I actually talked to Tivo about this today and you confirm what they told me. As long as I order prior to canceling my TivoHD I will get it at $399. Not a bad deal.


----------



## donnoh (Mar 7, 2008)

crxssi said:


> Me too. I usually can only tolerate it for a day or so, and then give up and go right back to the SDUI. Other than testing the SDUI, I have stayed in the HDUI for 9 days... which, for me, is unheard of...
> 
> *I* wouldn't go that far! To me, it is "barely" or "just" tolerable, not "very" tolerable; and I still think in many ways it is much slower than the SDUI and has a ways to go, still.

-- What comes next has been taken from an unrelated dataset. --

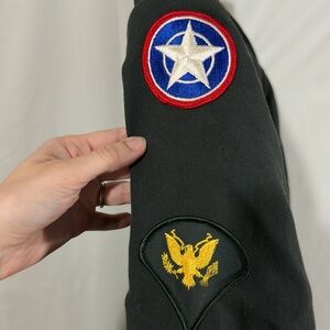 Features classic four-pocket front, brass Great Seal buttons, epaulettes, and a full green lining. This example includes embroidered sleeve patches (a Specialist eagle insignia and star roundel), adding unique character for fashion or display.

But, believe it or not, what I just said is high praise, coming from me
> 
> Absolutely.


Seeing how you are one of the more vocal critics of the Premiere, it's nice to see that you agree that Tivo has actually made some strides in fixing their past mistakes.

I myself am glad that Tivo actually nailed an update other than create more problems than they had before.

Margret may be one of the more instrumental figures that leads to their resurrection.


----------



## mattack (Apr 9, 2001)

aaroncgi said:


> So that's a bummer, can't recall ever having bad guide data before. This particular problem could have been solved if there was an option in the delete/cancel menu saying 'Bad Guide Data', record next showing, or something like that. Really the season pass should record ALL shows that are not marked as reruns, even if it thinks it already got it.


Umm, that would mean there would have to be some kind of weird combination of 'first run only' and 'all (including duplicates)'.


----------



## knightl (Mar 15, 2006)

I have been a TiVo user since the box first launched and in all those years have had nothing but a great experience. That being said, I have been "parked" with my two series 3 boxes since that generation came out. I was disappointed in the HD models and the introduction of the Premier model made me even more nervous about leaving the solid series 3 platform. I now must say with the Elite and 20.2 I am back considering upgrading my units. (I just have to convince myself I can live without the LED display on the front showing the name of the programs being recorded.  ) Just my 2 cents...


----------



## ADG (Aug 20, 2003)

crxssi said:


> Me too. I usually can only tolerate it for a day or so, and then give up and go right back to the SDUI. Other than testing the SDUI, I have stayed in the HDUI for 9 days... which, for me, is unheard of...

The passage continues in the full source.